Every month, we look at three AI policy developments that caught our eye. Today, we cover how AI may affect demand for expertise, metascience, and human cognitive abilities. We once again include a ‘view from the field’ from an interesting researcher on each topic. Thanks to Maria del Rio Chanona, Eamon Kenneth Duede, and Kevin Mckee for lending their time & expertise.
Study Watch
AI’s impact on jobs will depend on how it affects ‘expertise’
What happened: The economists David Autor and Neil Thompson published a paper in which they argue that the concept of ‘expertise’ explains why, over the past 40 years, new technologies have led to higher wages and lower employment for certain US roles, and the inverse for others. They expect similar dynamics in the AI era.

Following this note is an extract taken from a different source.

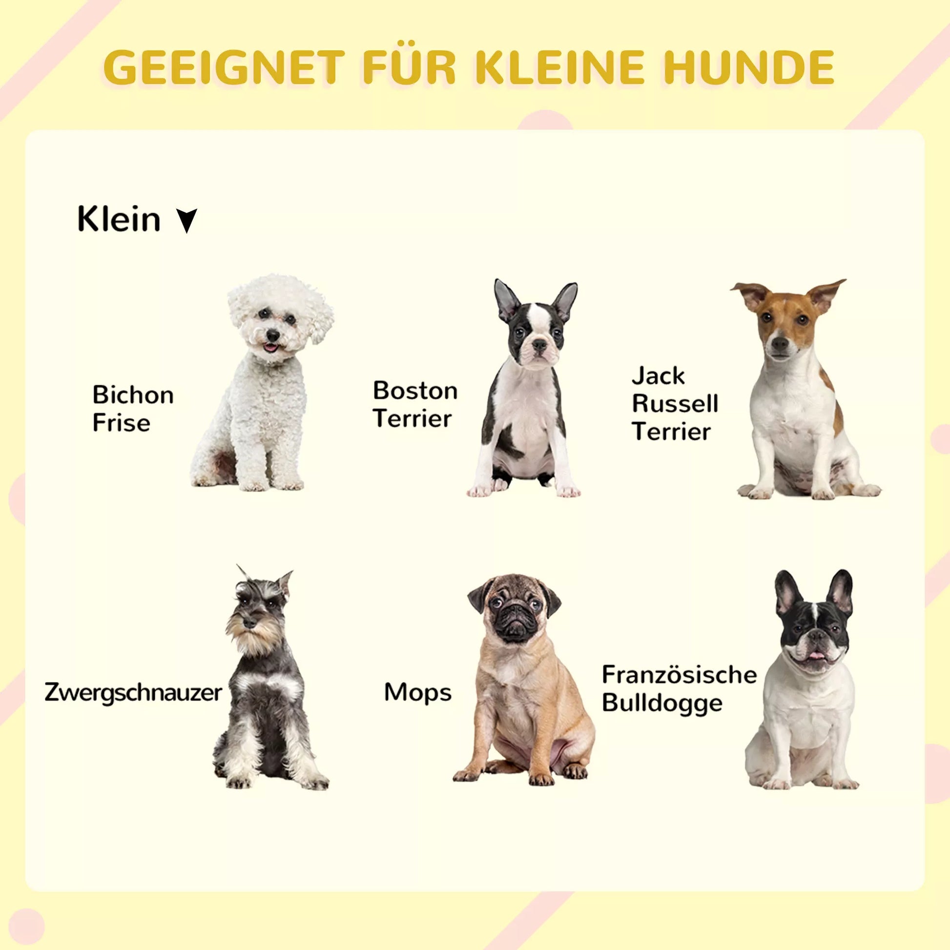 • ✔ Tinka mažiems šunims iki 15 kg ir 60 cm ūgio, tokiems kaip prancūzų buldogai ir taksai

What’s interesting: Autor and others previously coined the idea of ‘skills-based technological change’ to describe how new technologies complement some workers, while displacing others. What causes this? Autor and Thompson provide a partial answer via the concept of ‘expertise’, which is also the full title of their new paper.

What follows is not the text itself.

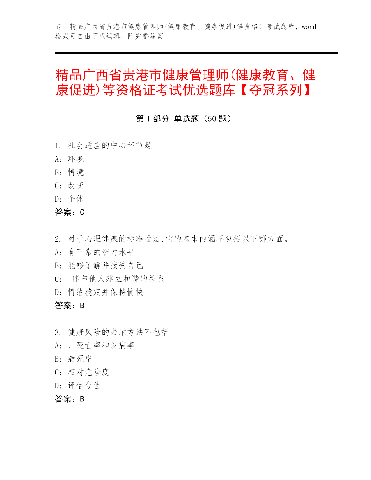 专业精品广西省贵港市健康管理师(健康教育、健康促进)等资格证考试题库,word格式可自由下载编辑,附完整答案!精品广西省贵港市健康管理师(健康教育、健康促进)等资格证考试优选题库【夺冠系列】第I部分单选题(50题)1.社会适应的中心环节是A:环境B:情境C:改变D:个体答案:C2.对于心理健康的标准看法,它的基本内涵不包括以下哪方面。A:有正常的智力水平B:能够了解并接受自己C:能与他人建立和谐的关系D:情绪稳定并保持愉快答案:B3.健康风险的表示方法不包括A:、死亡率和发病率B:病死率C:相对危险度D:

In Autor and Thompson’s model, expertise describes a worker’s ability to perform tasks that others cannot. They view expertise as hierarchical — a senior surgeon can do their own job, but they could also perform the tasks of a junior nurse (e.g. taking blood pressure). However, the junior nurse cannot perform complex surgery.
They turn this definition into a statistical assessment of the relevant expertise of different tasks and jobs, by assessing the frequency and entropy of words used to describe them. Words like ‘elasticity’, which tend to be used rarely and in specific contexts, like economics, are more likely to describe high-expertise tasks.

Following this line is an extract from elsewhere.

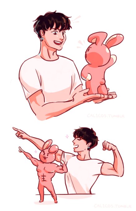 jk and cooky -- muscle bunnies, muscle buddies :') #bts #JUNGKOOK #Jungkookfanart #btsfanart #COOKY #BT21_UNIVERSE #BT21fanart #BANGTAN

Armed with this definition and statistical measure, Autor and Thompson assess ~40 years of US job data to understand how new technologies have affected different jobs. They find that when technology automates a task, the effects on workers hinge on whether that task requires lower or higher expertise.
When technology is complementary, it augments experts by automating inexpert tasks. For example, computers automated data entry tasks, allowing accounting clerks to shift to more complex, specialised analysis. Wages rose, from an average of ~$13 in 1980 to ~$18 in 2018, but overall employment fell, from 1.6m to 1.1m, as the pool of qualified workers shrank.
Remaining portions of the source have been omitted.